Higher mortality for high-resource-using adults going for congenital heart surgery in peds hospital
WEDNESDAY, Oct. 19 (HealthDay News) -- Adults with high resource use (HRU) undergoing congenital heart surgery in pediatric hospitals have higher mortality, according to a study published online Oct. 18 in Circulation: Cardiovascular Quality and Outcomes.
Yuli Y. Kim, M.D., from the University of Pennsylvania School of Medicine in Philadelphia, and colleagues examined resource use by patients undergoing adult congenital heart (ACH) surgery in pediatric hospitals, analyzed the association between HRU and inpatient mortality, and identified HRU risk factors. Inpatient data from 2000 to 2008 were collected for 97,563 congenital heart surgery admissions, including 3,061 (3.1 percent) ACH surgery admissions, in 42 pediatric hospitals. Risk factors for HRU admissions, defined as those exceeding 90th percentile for total hospital charges, were evaluated by multivariable analyses.
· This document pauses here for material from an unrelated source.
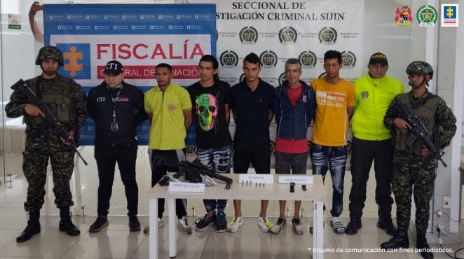 Servidores del Cuerpo Técnico de Investigación (CTI), de la Policía Nacional y del Ejército Nacional capturaron a Brainer Alexander Rangel Alarcón, alias Pitico; William Javier Suárez Beltrán, alias William; Luis Alberto Ropero, alias Tula; Víctor Antonio Cortez Guillen, alias Víctor, y José Fernando López Castillo.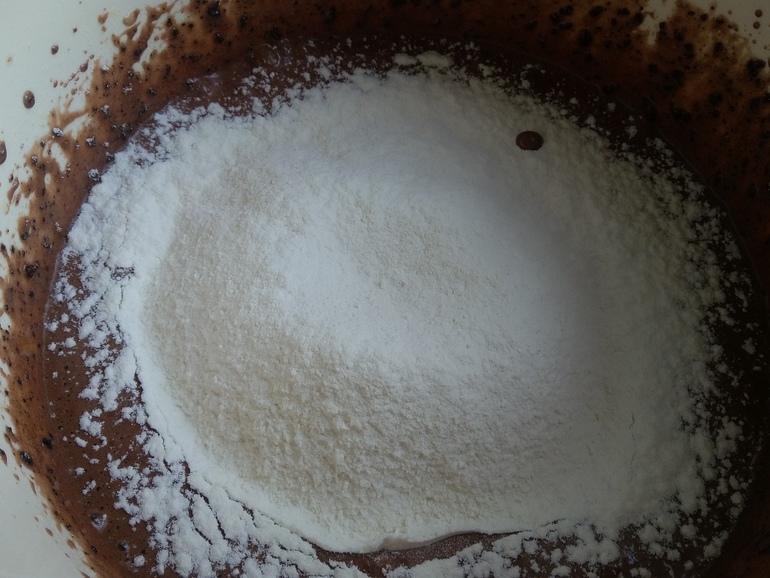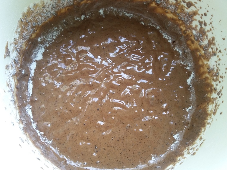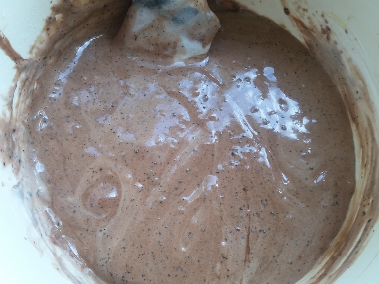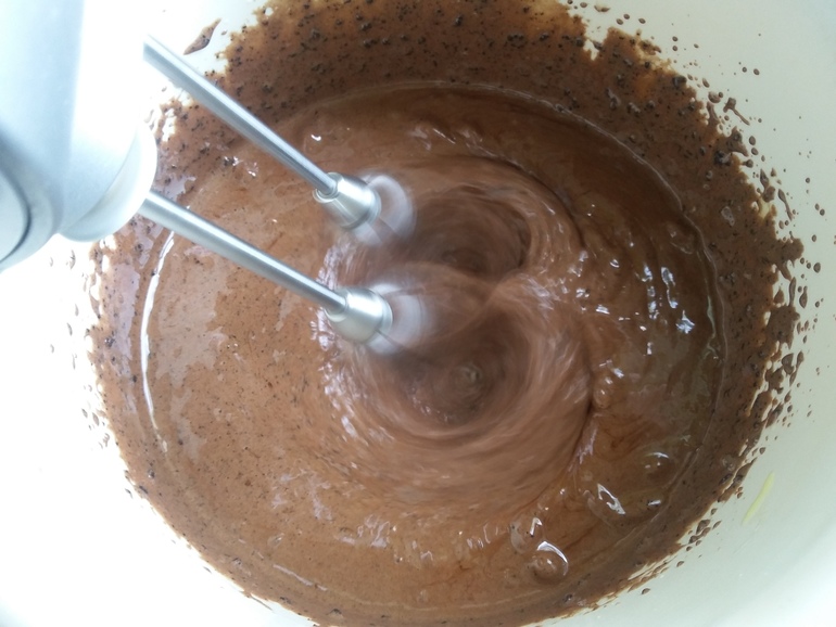 50 г какао залить 100 мл кипятка, перемешать до однородности, остудить:

The investigators found that the ACH surgery admissions accounted for 2.2 percent of total hospital charges. HRU admissions comprised 10 percent of all admissions but accounted for 34 percent of charges for all ACH surgery admissions. The mortality rate differed significantly for HRU admissions (16 percent) versus others (0.7 percent). Risk factors for HRU were identified as DiGeorge syndrome (adjusted odds ratio [aOR], 4.2), depression (aOR, 3.1), weekend admission (aOR, 2.6), government insurance (aOR, 2.0), and higher surgical complexity of risk categories 2, 3, and 4+, compared with risk category 1 (aORs, 3.6, 13.7, and 30.7, respectively).
"High resource use ACH surgery admissions are associated with significantly greater mortality rates," the authors write.